JFR; Desde já agradecemos a sua participação aqui no Espaço Aberto, vamos a nossa última pergunta; A quem você gostaria de agradecer por ter apoiado o seu trabalho em Rondonópolis?
Mestre Carivaldo; “Primeiramente quero dizer que fiz aqui um trabalho social com as crianças carentes, aqueles que não podiam pagar as aulas de Capoeira, fiz campanha para a compra de roupas e uniformes para as crianças e assim também foi na alimentação. Quero agradecer ao professor Venâncio, a Sara Jane pelo grande apoio que me deram, logo que cheguei aqui me deram a oportunidade de trabalhar com eles na Academia Lider de Artes. Me ajudaram no começo da minha vida. Quero agradecer aos meus ex-alunos que hoje são professores e boas lideranças na sociedade rondonopolitana.

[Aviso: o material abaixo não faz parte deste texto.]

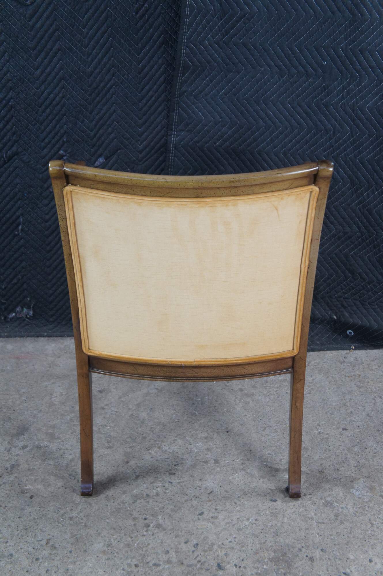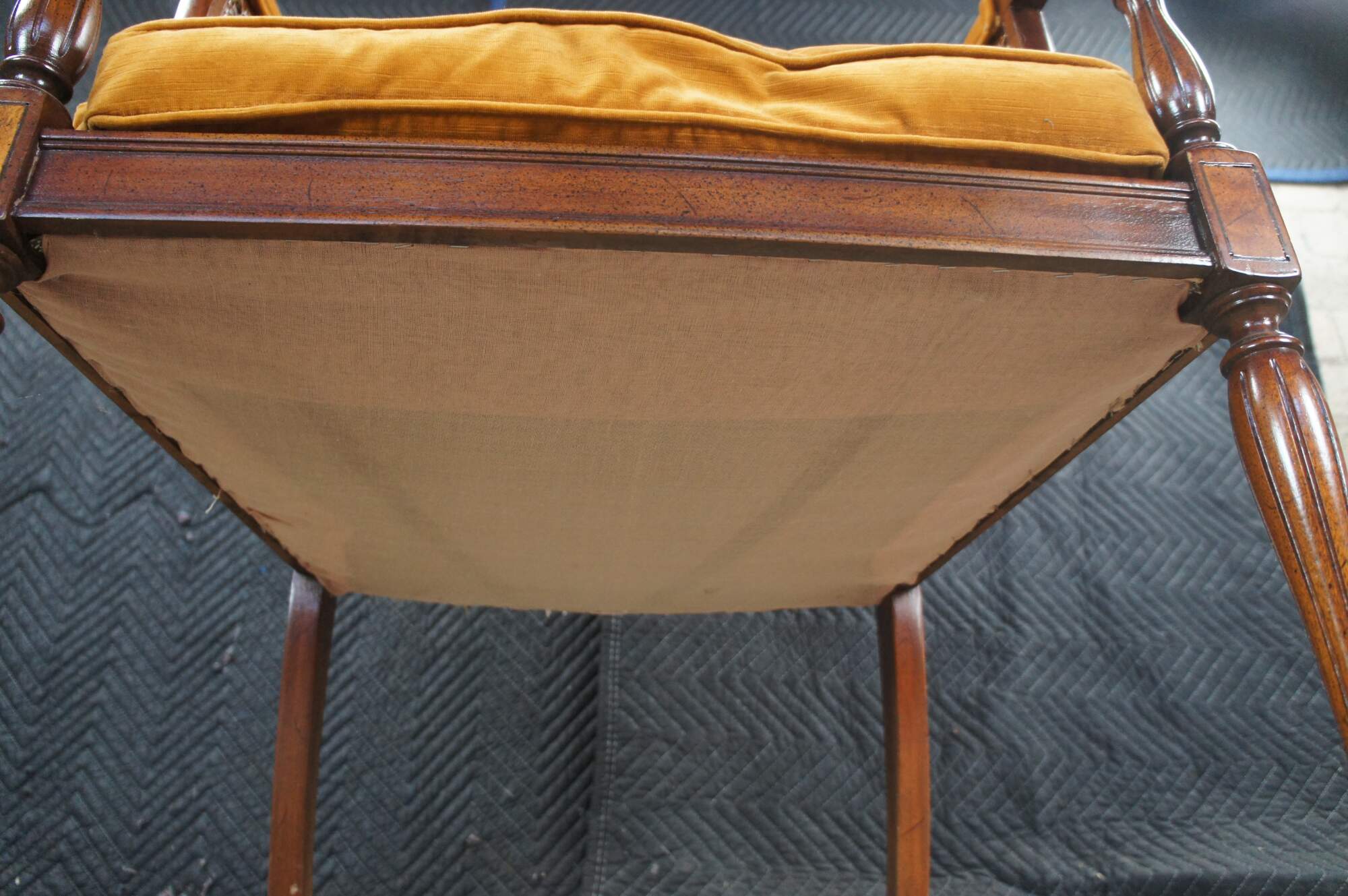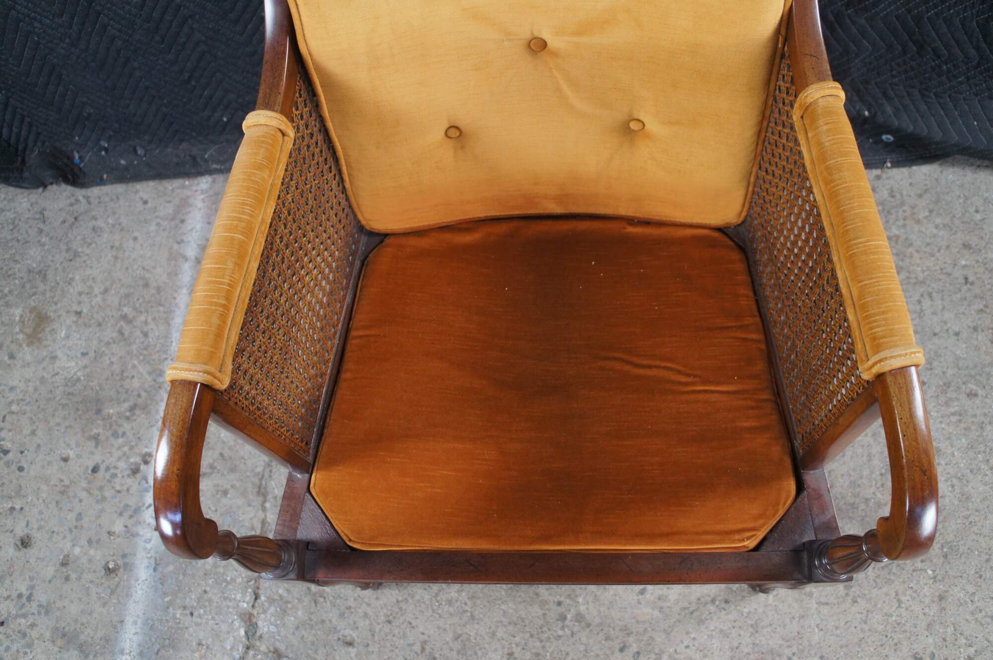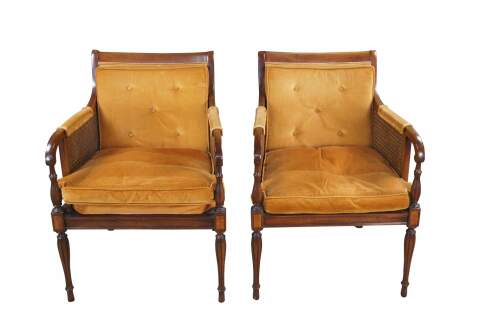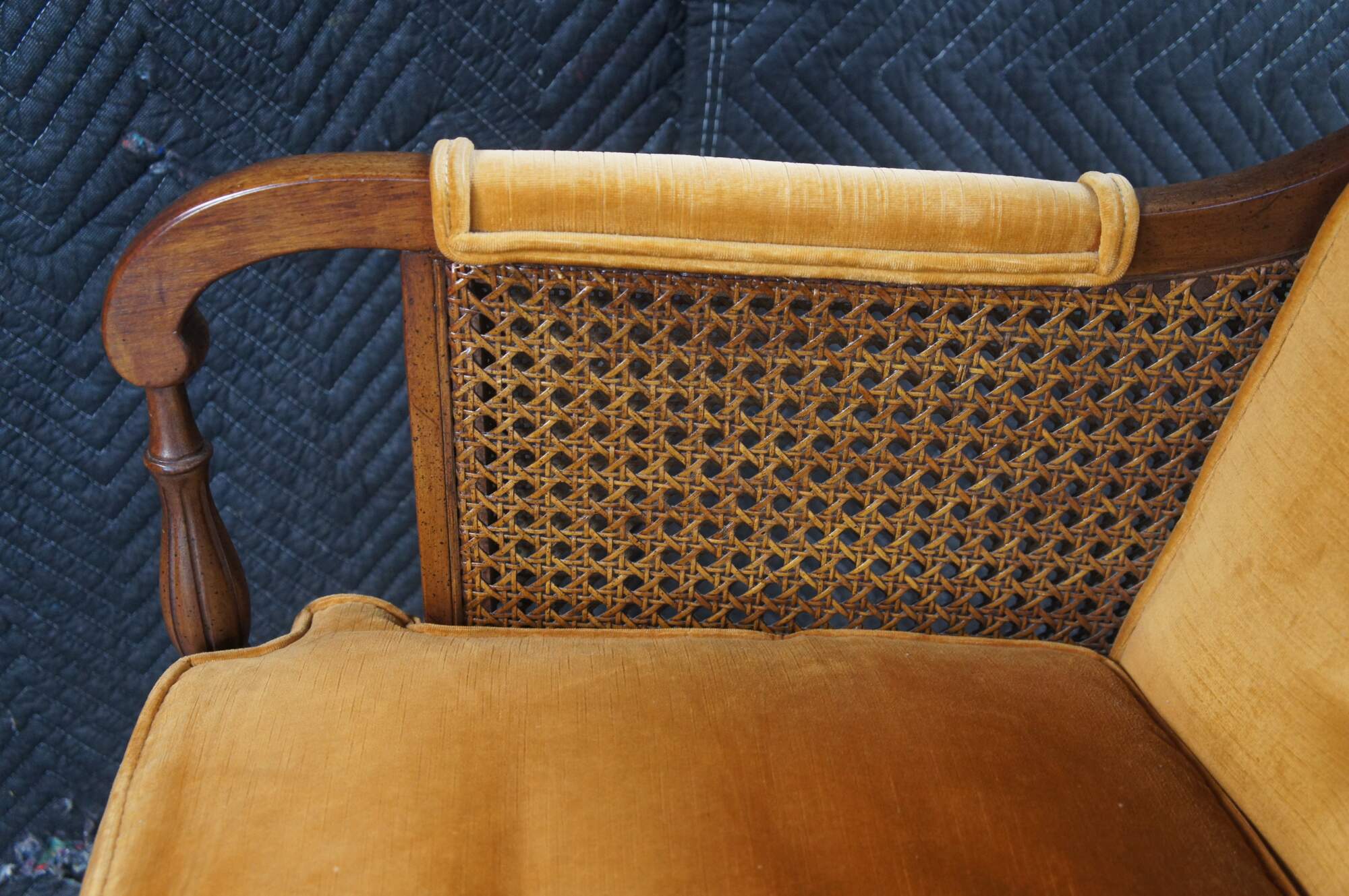 Two mid century French / Hollywood Regency style arm chairs. Made of walnut featuring a tufted back and fauteuil arms with double caned sides and fluted legs. Attributed to Hickory Chair Company.
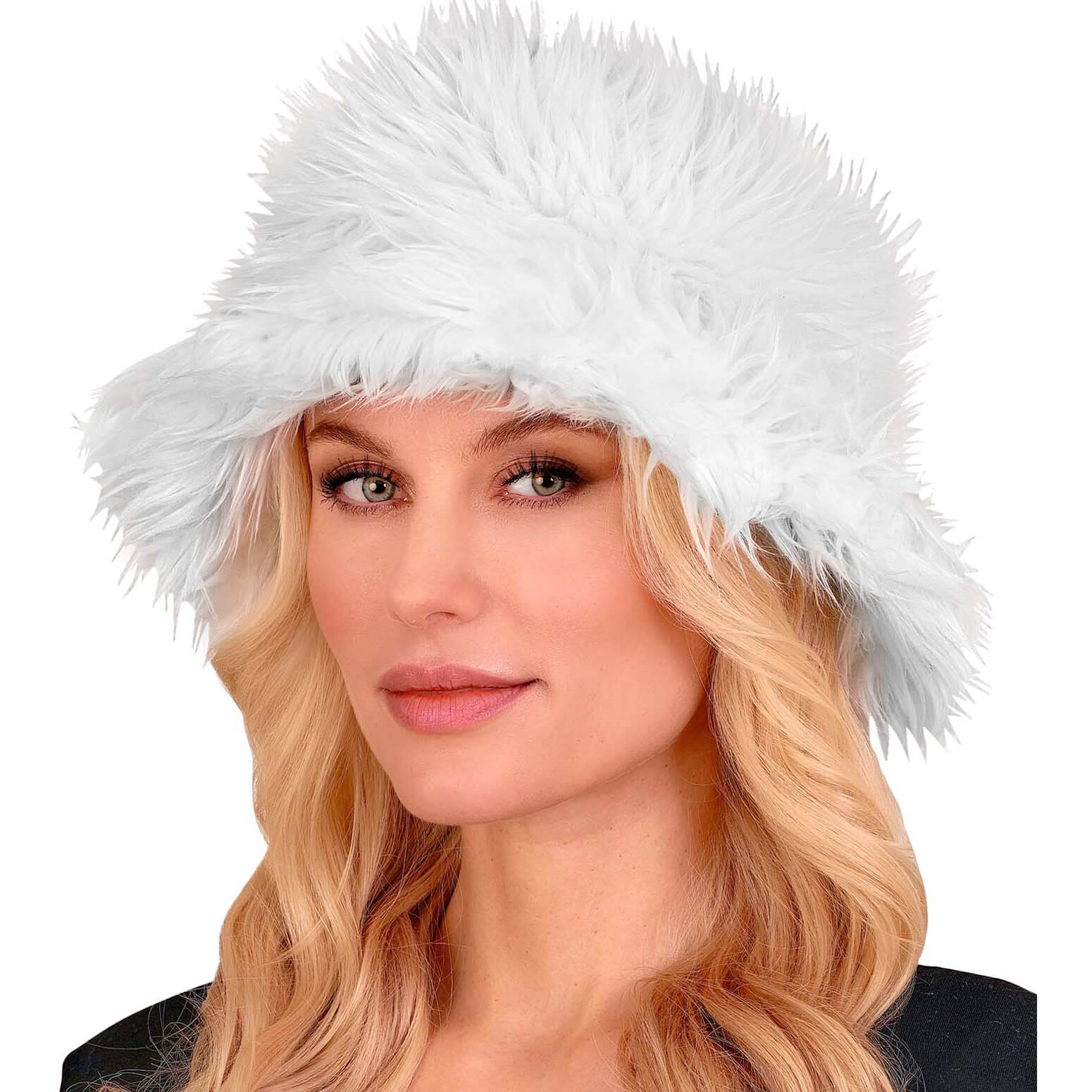 70er / 90er / Festival Eimerhut Fischerhut aus Plüsch Deluxe weiß

Para finalizar comento aqui brevemente um momento não muito feliz que aconteceu em uma indústria aqui em Rondonópolis um acidente em que perdi os dedos da mão, na vida da gente nem sempre coisas alegres acontecem, mas eu dei a volta por cima. Muito grato a esse Espaço Aberto do Folha Regional por esta oportunidade.”